As is well known in the art, in order to increase the expression level of a transgene in a host cell, the gene must be operably linked to a transcriptional and / or detoxification regulatory sequence that functions in a selected expression host. Preferably, the expression control sequence and / or the gene is contained within a recombinant vector containing a bacterial selection marker and a replication origin. If the host cell is a eukaryotic cell, the recombinant vector should further comprise a useful expression marker in the eukaryotic expression host.

The host cells transformed with the recombinant vectors described above constitute another aspect of the present invention. As used herein, the term " transformation " means introducing DNA into a host and allowing the DNA to replicate as an extrachromosomal factor or by chromosomal integration.

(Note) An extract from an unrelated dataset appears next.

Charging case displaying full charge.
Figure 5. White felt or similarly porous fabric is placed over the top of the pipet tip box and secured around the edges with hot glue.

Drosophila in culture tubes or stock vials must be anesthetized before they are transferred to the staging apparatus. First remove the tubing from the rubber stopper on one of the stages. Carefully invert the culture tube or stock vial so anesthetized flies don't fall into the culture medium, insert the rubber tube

Of course, it should be understood that not all vectors function equally well in expressing the DNA sequences of the present invention. Likewise, not all hosts function identically for the same expression system. However, those skilled in the art will be able to make appropriate selections among a variety of vectors, expression control sequences, and hosts without undue experimentation and without departing from the scope of the present invention. For example, in selecting a vector, the host should be considered because the vector must be replicated within it. The number of copies of the vector, the ability to control the number of copies, and the expression of other proteins encoded by the vector, such as antibiotic markers, must also be considered.

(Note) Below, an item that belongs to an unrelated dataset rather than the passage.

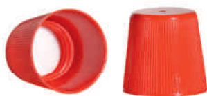
Screw closure with ALU-laminated foam inlay

In addition, the gene introduced in the present invention may be introduced into the genome of a host cell to exist as a chromosomal factor. It will be apparent to those skilled in the art that the present invention has the same effect as that of introducing the recombinant vector into the host cell by inserting the gene into the genome of the host cell.

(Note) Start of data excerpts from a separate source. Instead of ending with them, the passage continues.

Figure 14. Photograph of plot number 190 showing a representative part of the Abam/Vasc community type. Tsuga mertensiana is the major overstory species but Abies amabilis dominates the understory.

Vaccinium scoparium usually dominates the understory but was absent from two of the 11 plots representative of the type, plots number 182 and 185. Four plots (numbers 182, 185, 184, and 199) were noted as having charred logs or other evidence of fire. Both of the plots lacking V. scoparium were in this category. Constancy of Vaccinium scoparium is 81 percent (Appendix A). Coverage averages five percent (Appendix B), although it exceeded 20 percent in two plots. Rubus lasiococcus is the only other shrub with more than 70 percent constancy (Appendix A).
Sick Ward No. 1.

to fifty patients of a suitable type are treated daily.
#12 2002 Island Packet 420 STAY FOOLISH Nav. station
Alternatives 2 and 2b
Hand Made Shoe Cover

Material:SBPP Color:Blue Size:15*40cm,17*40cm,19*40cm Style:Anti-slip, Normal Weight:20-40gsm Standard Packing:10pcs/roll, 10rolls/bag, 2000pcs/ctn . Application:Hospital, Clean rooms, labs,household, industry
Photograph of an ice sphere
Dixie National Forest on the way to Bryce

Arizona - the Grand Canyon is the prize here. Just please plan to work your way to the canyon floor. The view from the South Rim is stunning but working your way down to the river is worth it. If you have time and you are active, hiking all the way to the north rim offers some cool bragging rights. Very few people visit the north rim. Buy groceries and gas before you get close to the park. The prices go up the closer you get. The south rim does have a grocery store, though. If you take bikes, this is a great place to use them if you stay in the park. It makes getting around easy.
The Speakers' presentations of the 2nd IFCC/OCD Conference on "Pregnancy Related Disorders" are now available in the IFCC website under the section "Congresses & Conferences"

The term " metabolic pathway " in the present invention is a concept encompassing pathways in which a target compound is synthesized from a specific metabolite in a cell, not limited to a pathway in which a target compound is synthesized from carbon provided through a C1 metabolic circuit or a glycolysis process.

The present invention relates to a method for synthesizing a serine, comprising culturing the mutant cell from a different viewpoint.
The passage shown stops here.